Kakuzi PLC is a Kenyan agricultural cultivation and manufacture company. Its products include avocados (of which it has been Kenya's largest exporter),  blueberries, macadamia, tea, livestock and commercial forestry.  Its subsidiaries include Estates Services Limited. Kakuzi's majority shareholder is the British company Camellia.

History

The Sisal Venture

The history of Kakuzi dates back to the colonial period with the arrival of Mr. Donald Farquharson Seth-Smith in British East Africa in 1906. A graduate of Oxford, he was a distinguished athlete, and upon arrival in Kenya, he set up his agricultural venture. In 1907, Donald, together with Mr.  Mervyn Ridley and Lord Cranworth they bought land (10117 ha) in Makuyu where they established their agribusiness venture. The farm was run by Mervyn and Donald who experimented with different crops before settling on sisal. They named the estate Sisal Ltd  and with increased demand for sisal, the business flourished.

The Coffee & Tea Venture

Kakuzi Fiberlands limited was incorporated in 1919, with interests in sisal and Coffee. It neighboured Sisal Limited and during this time, Sisal limited diversified its portfolio to include tea which was grown in Nandi Hills. This prompted Kakuzi, then majority-owned by Eastern Produce to acquire Siret Tea Estate in 1948.

Merger

The two firms merged in 1966 to form Kakuzi Plc. In 1987 sisal production ceased owing to increased competition from synthetic fibers. The focus was therefore shifted towards other crops.  Following a significant drought in 1984, the coffee plantations started to show symptoms of a serious fungal disease, Fusarium, which had been imported from poorly run neighbouring estates. New planting was not an option as this became infected as well and diversification into other crops resulted. Avocados were particularly viable and planted in large areas. Another diversification, on land unsuitable for more valuable crops, is forestry. Planting started in 1992, and by the end of 2010, some 1242 Hectares had been planted.  Cattle were a further diversification during the 1980s, when the size of the herd peaked at 7,500. As of August 2011, the herd was 4,407.

Acquisition by Camellia
As early as 1948, interests in Kenya's agricultural industry had gained shape. Eastern Produce acquired tea estates in Nandi (Siret Tea Estate). Camellia acquired majority interests in Eastern Produce limited which had interests in Kenya and Malawi. By 1990, Camellia had majority interests in Kakuzi through its subsidiaries; Eastern Produce Plc (34.19%) and Lawrie Group Plc (7.53%). In 1991, Linton Park Plc acquired Eastern Produce and further increased their holdings to 42.83%. By 1994 Linton Park, a subsidiary of Camellia held 50.1% of the outstanding shares. Currently, the stake is held by two subsidiaries; Bordue Ltd (26.06%) and Lintak Investments Ltd. (24.64%). Notably, the largest individual shareholder is Mr. John Kibunga Kimani with a 32.20% stake. He is also a Non-Executive Director effective November 1st 2020.

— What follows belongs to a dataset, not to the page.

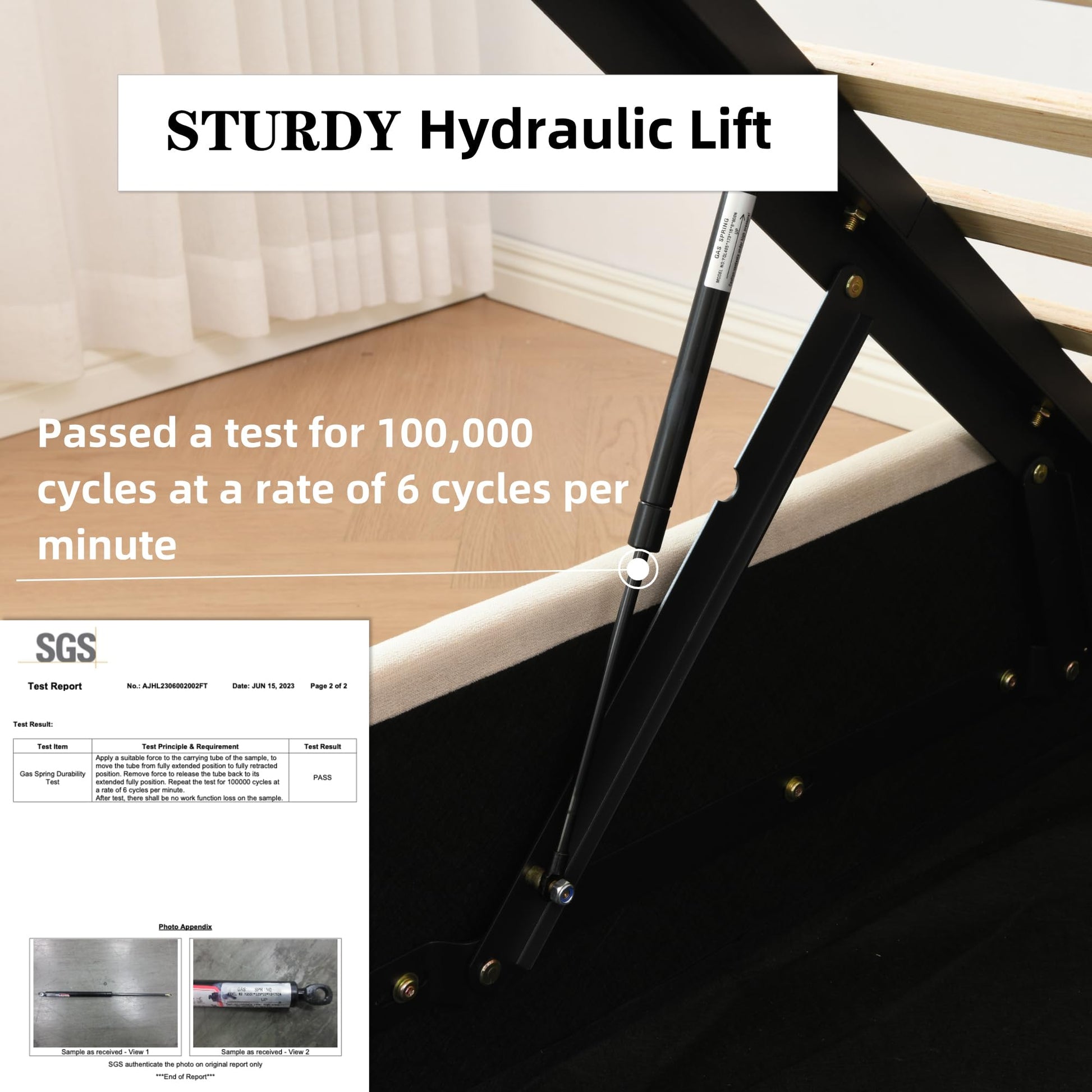 Built with a durable metal frame and solid wood slat support system, this queen bed ensures long-lasting stability without the need for a box spring. The sturdy construction supports your mattress evenly, reducing sagging and extending its lifespan. The lift-up hydraulic mechanism is designed for smooth, effortless operation, allowing you to access the under-bed storage space with ease.

Controversies and Accusations of Human Rights Violations 
In 2017, a group of Kenyans petitioned Kenya's National Land Commission, claiming that colonialists had forced them off present-day Kakuzi land, confiscated their animals and left them destitute. More local community groups have since joined the petition in laying claim to the company's land.

In February 2019, avocado farmers in Murang'a county threatened to take court action against Kakuzi, accusing the company of breaching an avocado supply contract and not paying them in full.

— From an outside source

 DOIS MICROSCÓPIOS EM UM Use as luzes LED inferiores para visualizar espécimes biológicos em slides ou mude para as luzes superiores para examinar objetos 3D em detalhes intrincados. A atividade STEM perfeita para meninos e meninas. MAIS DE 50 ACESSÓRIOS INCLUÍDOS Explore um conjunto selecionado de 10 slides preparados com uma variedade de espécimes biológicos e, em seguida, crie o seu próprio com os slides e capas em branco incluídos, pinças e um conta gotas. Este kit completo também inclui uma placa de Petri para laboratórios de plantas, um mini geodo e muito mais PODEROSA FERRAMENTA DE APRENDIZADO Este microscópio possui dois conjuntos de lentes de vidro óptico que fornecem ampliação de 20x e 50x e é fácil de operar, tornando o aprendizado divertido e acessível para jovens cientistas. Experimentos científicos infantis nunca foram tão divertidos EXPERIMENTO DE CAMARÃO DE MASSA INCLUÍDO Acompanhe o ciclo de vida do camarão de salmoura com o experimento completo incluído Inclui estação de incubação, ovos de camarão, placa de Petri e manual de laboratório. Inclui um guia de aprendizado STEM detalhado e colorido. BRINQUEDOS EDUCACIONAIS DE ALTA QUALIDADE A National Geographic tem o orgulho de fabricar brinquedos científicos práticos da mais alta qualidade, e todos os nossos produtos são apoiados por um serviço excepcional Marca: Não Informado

In October 2020, the law firm Leigh Day said it had initiated legal action against UK firm Camellia, the parent of Kakuzi, on behalf of 79 Kenyans who accused Kakuzi's security guards of perpetrating abuses since 2009 including killings, rape, attacks and false imprisonment. Following these allegations, UK's supermarket chain Tesco announced that it had suspended avocado supply from Kakuzi Kenya due to the abuse claims.  Two more large European supermarket chains, Sainsbury's and Lidl, later confirmed that they had suspended deals with Kakuzi.  In February 2021, Camellia settled the court case for £4.6 million (Kes 696 million). The sum included compensation, legal costs and funding schemes for the community. However, the company did not issue an apology.

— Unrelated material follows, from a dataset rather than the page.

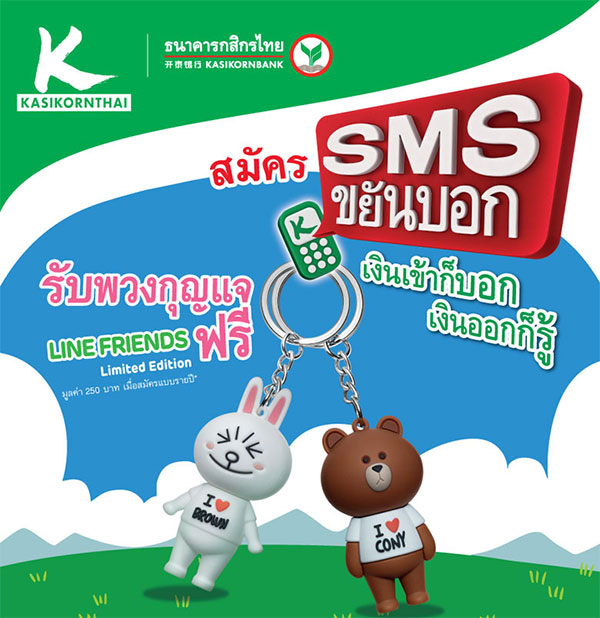 สมัครบริการ SMS ขยันบอก กับธ.กสิกรไทยวันนี้ รับฟรี! พวงกุญแจ LINE FRIENDS Limited Edition

In June 2021, two additional women came forward with new allegations that they were raped by security guards at Kakuzi farm.

On August 03, Kenya’s Capital Market Authority questioned the CEO and CFO of Kakuzi over allegations of tax evasion through transfer pricing and conflict of interest by its majority shareholder.

Human Rights Measures
Following the levelling of unsubstantiated allegations, Kakuzi Plc has been actively working to address stakeholder concerns earlier raised, including with the assistance of leading human rights advisers. The company has already received positive feedback from the Ethical Trade Initiative.  In August 2021, Kakuzi PLC became the first corporate organization in Sub-Saharan Africa to constitute and establish an Independent Human Rights Advisory Committee (IHRAC) to be chaired by Kenya’s former Attorney General Prof Githu Muigai.